* [SOURCE DATA]:

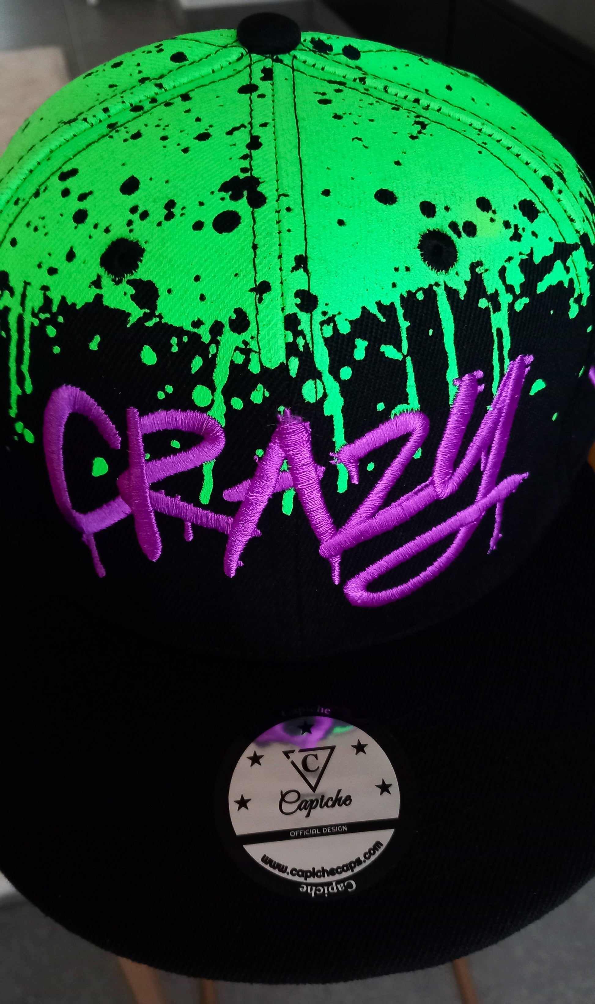 Freestyler is a part of the newest Graffiti Collection. Freestyler stands out because of the awesome neon green spray paint effect on top of the hat! It’s a real eyecatcher in your cap collection. The front logo is the word ‘’CRAZY’’ in purple. The left side of the snapback is embroidered with the traditional ‘C’ logo of Capiche and the back side is embroidered with ‘Capiche’. The embroideries are purple. The bottom design is a special Capiche freestyle design, made by a professional graffiti artist.
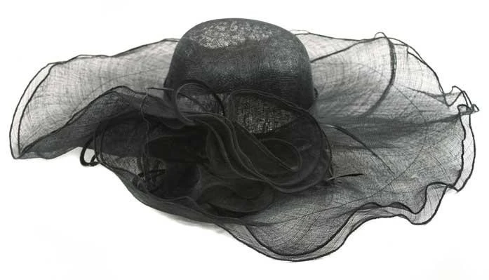Soft sinamay straw derby hat with swirled self colored decorative trim that flows with the shape of the hat.
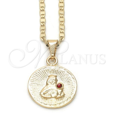 Gold Filled Pendant Necklace. Also contains Garnet Cubic Zirconia. Great Necklace for Men and Women. Sagrado Corazon de Maria Design. Polished. Measures: 18.0 x 1.0 x 0.6 in Weight: 6.5 g. Thickness: 02 MM Thickness.

* [WHAT YOU ARE ASKED TO DO]:
Reproduce the lines of the listing exactly, starting at the one that contains "Soft sinamay straw" and continuing through the final line, but leave out the pictures.

* [EXERCISE RESULT]:
Soft sinamay straw derby hat with swirled self colored decorative trim that flows with the shape of the hat.
 Gold Filled Pendant Necklace. Also contains Garnet Cubic Zirconia. Great Necklace for Men and Women. Sagrado Corazon de Maria Design. Polished. Measures: 18.0 x 1.0 x 0.6 in Weight: 6.5 g. Thickness: 02 MM Thickness.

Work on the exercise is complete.